### REQUIRED ACTION
Type out the data exactly as given. Skip any image.

### RAW DATA
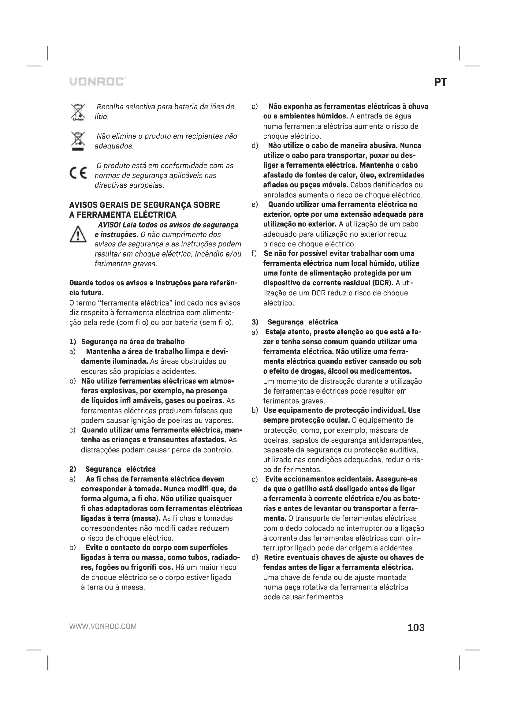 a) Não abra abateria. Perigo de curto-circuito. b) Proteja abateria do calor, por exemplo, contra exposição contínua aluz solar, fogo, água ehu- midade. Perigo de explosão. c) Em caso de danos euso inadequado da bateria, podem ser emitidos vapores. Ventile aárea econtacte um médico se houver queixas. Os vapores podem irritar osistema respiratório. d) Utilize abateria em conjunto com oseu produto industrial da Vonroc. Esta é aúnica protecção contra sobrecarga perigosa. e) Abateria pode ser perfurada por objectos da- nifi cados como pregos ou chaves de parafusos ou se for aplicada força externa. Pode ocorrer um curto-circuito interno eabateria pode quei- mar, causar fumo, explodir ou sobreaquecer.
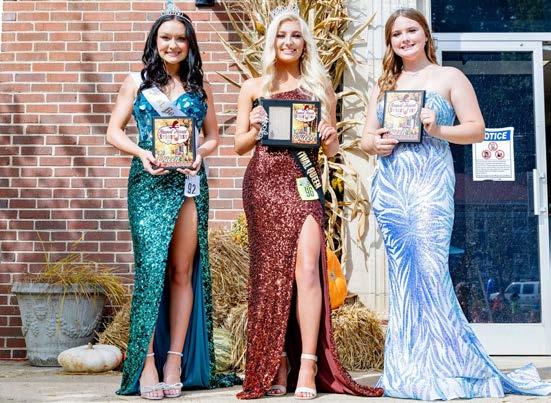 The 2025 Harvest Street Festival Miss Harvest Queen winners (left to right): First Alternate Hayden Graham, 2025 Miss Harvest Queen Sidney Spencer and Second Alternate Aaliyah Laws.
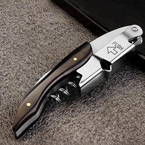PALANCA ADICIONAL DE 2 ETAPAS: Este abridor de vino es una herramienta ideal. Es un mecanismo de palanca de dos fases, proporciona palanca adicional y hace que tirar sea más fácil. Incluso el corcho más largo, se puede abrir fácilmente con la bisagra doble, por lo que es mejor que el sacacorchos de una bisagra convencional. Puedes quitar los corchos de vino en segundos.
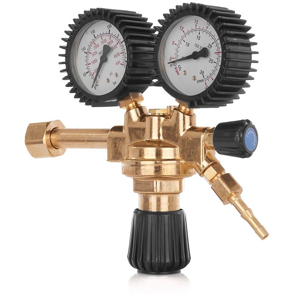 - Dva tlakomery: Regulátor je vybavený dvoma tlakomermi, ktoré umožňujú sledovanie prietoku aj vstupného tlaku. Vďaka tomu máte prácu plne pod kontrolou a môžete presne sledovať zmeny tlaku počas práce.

### SOLUTION FOR THIS EXERCISE
 a) Não abra abateria. Perigo de curto-circuito. b) Proteja abateria do calor, por exemplo, contra exposição contínua aluz solar, fogo, água ehu- midade. Perigo de explosão. c) Em caso de danos euso inadequado da bateria, podem ser emitidos vapores. Ventile aárea econtacte um médico se houver queixas. Os vapores podem irritar osistema respiratório. d) Utilize abateria em conjunto com oseu produto industrial da Vonroc. Esta é aúnica protecção contra sobrecarga perigosa. e) Abateria pode ser perfurada por objectos da- nifi cados como pregos ou chaves de parafusos ou se for aplicada força externa. Pode ocorrer um curto-circuito interno eabateria pode quei- mar, causar fumo, explodir ou sobreaquecer.
 The 2025 Harvest Street Festival Miss Harvest Queen winners (left to right): First Alternate Hayden Graham, 2025 Miss Harvest Queen Sidney Spencer and Second Alternate Aaliyah Laws.
PALANCA ADICIONAL DE 2 ETAPAS: Este abridor de vino es una herramienta ideal. Es un mecanismo de palanca de dos fases, proporciona palanca adicional y hace que tirar sea más fácil. Incluso el corcho más largo, se puede abrir fácilmente con la bisagra doble, por lo que es mejor que el sacacorchos de una bisagra convencional. Puedes quitar los corchos de vino en segundos.
 - Dva tlakomery: Regulátor je vybavený dvoma tlakomermi, ktoré umožňujú sledovanie prietoku aj vstupného tlaku. Vďaka tomu máte prácu plne pod kontrolou a môžete presne sledovať zmeny tlaku počas práce.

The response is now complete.